Ana Katz

“Creo que soy directora porque, de todas las cosas que puedo hacer, mirar es la que más me gusta”.

texto paula montebruno
ILUSTRACión Matías ahumada

Esta argentina es actriz, directora de cine y teatro y productora. También, es la esposa del conocido actor uruguayo Daniel Hendler (El abrazo partido, Whisky). Sin embargo, confiesa que de pequeña lo que realmente le gustaba era la arqueología. Y aunque reconoce que es un poco tarde para dedicarse a esa actividad, se conforma con vivir a una cuadra del Museo de Ciencias Naturales de Buenos Aires, “donde habitan los pocos restos fósiles de dinosaurios que hay en Argentina”.

¿Y de dirigir y actuar, qué? Estudió dirección cinematográfica, pero se inició en la actuación. Asistió a su primer taller cuando sólo tenía seis años. “Era de esas niñas que andan disfrazadas, con tendencia al show. Después me entrené en las escuelas de Julio Chávez y Helena Tritek, en Argentina”, señala. Y con el tiempo ha logrado combinar ambos. Porque además de actuar, ha escrito y dirigido obras de teatro como Lucro cesante (2004) –que estuvo tres años en cartelera en Buenos Aires–, cortometrajes y dos películas: El juego de la silla (2002) y Una novia errante (2007). Por la primera obtuvo premios como el de Mejor Ópera Prima en el Festival de Toulouse.

El año pasado Una novia errante –que dirigió y protagonizó– se estrenó en la sección “An Certain Regard” (Una cierta mirada) del Festival de Cine de Cannes. El largometraje –un filme intimista que habla sobre las dolencias del amor– recorrió los festivales de Toronto, San Sebastián, Madrid y La Habana, entre otros. Además, está nominada a los premios Cóndor de Plata de la Asociación de Cronistas Cinematográficos de Argentina como Mejor Película. Y ella, como Mejor Actriz. »

¿Cuál es tu próximo proyecto cinematográfico?

Se llama Bienestar. El guión fue seleccionado por la Fundación Carolina de España para la Beca de Desarrollo; participó de los talleres de producción de Mannheim Meetings y ganó el premio Vision Sud Est, de Suiza, a la producción. Cuenta la historia de un matrimonio (Luis y Nena) que se muda a una zona residencial en busca de sosiego, sin saber que allí los electrodomésticos desaparecen misteriosamente y los transeúntes caen en profundos hoyos en la tierra.

¿Es complicado para las directoras latinoamericanas abrirse un espacio en el mundo cinematográfico?

No siento que sea especialmente difícil o quizá no me haya ocupado de esa dificultad. A veces, ser demasiado consciente puede ser un problema. Además, en los últimos años han aparecido muchas películas dirigidas por mujeres. Por ejemplo, en la sección de Cannes “An Certain Regard”, había tantas directoras como directores, lo que indica que de a poco esto deja de ser un tema.

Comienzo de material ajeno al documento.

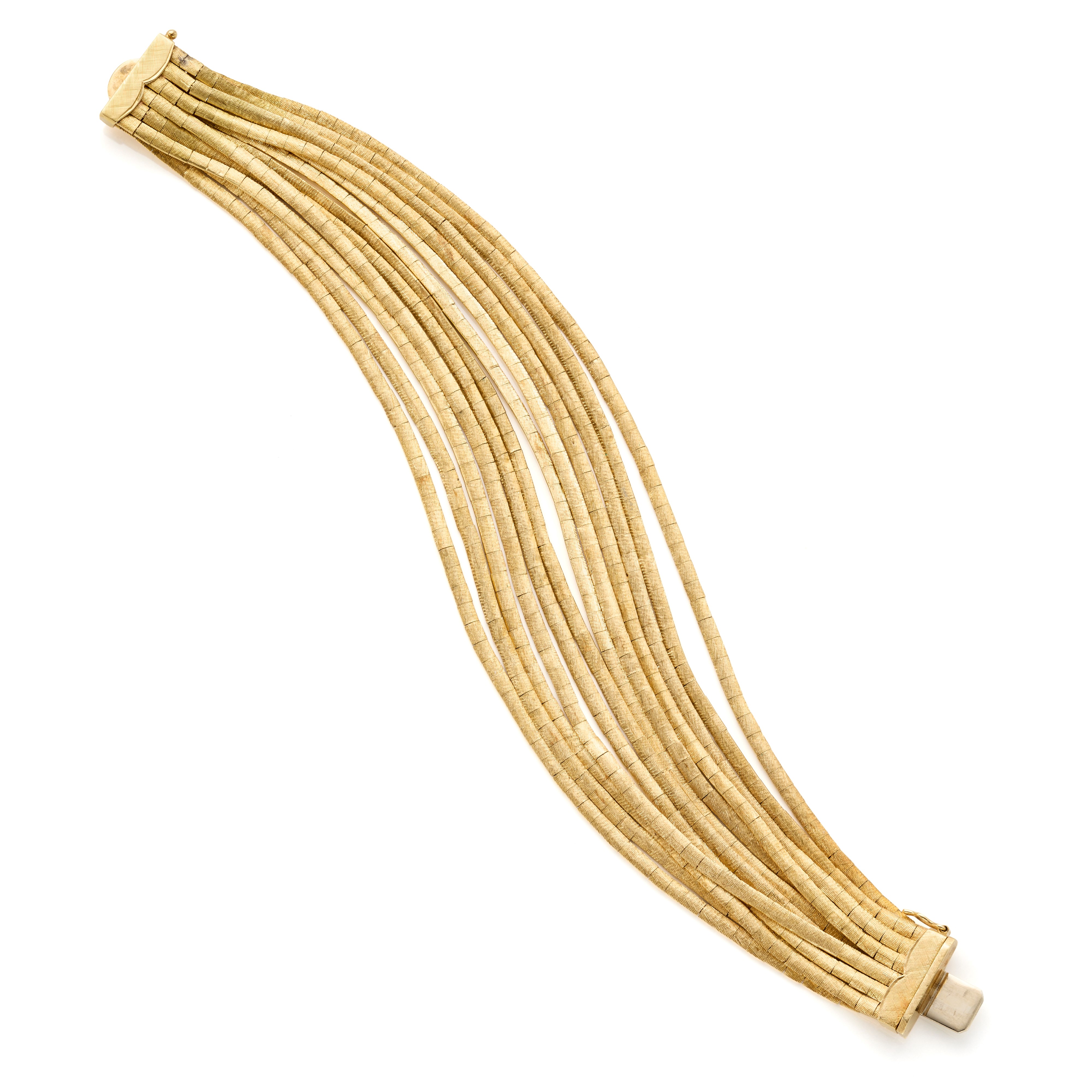 18 Kt satin-finish yellow gold multi-strand bracelet.

¿Cuáles son las bondades de hacer cine?

Creo que soy directora porque, de todas las cosas que puedo hacer, mirar es la que más me gusta. Como directora me gustaría acercarme cada vez más a una visión propia, verdadera; encontrar la forma particular que necesita cada película. Poder escuchar, no tomarme en serio todo el tiempo, acercarme a los actores y profundizar la observación lo máximo posible son algunas de las cosas que más me interesa intentar.

Además de protagonizar y dirigir Una novia errante participaste en la producción general y coescribiste el guión. ¿En cuál de estos trabajos te sientes más cómoda?

Una y otra vez cuando se me ocurre una idea para una película, cuando surge una intuición aún sin forma, me propongo dirigir y me digo: “esta vez no la voy a producir”. Pero se ve que hay algo en mi naturaleza que me obliga a impulsar mis proyectos. Creo que me gusta la variación y que cambiar de tarea me sirve para oxigenar el trabajo.

Ahí también actuaste junto a tu pareja (el actor uruguayo Daniel Hendler) y ya lo habías hecho antes en la premiada cinta uruguaya Whisky (2004). ¿Cómo fue esa experiencia?

Me gusta mucho trabajar con Daniel. Tiene mucho humor y creatividad. Y aunque estamos muy conectados en nuestras actividades, no solemos filmar juntos. Además, lo bueno de compartir el trabajo es que cuando llegamos a casa no tenemos que perder tiempo contándonos cómo nos fue en el día.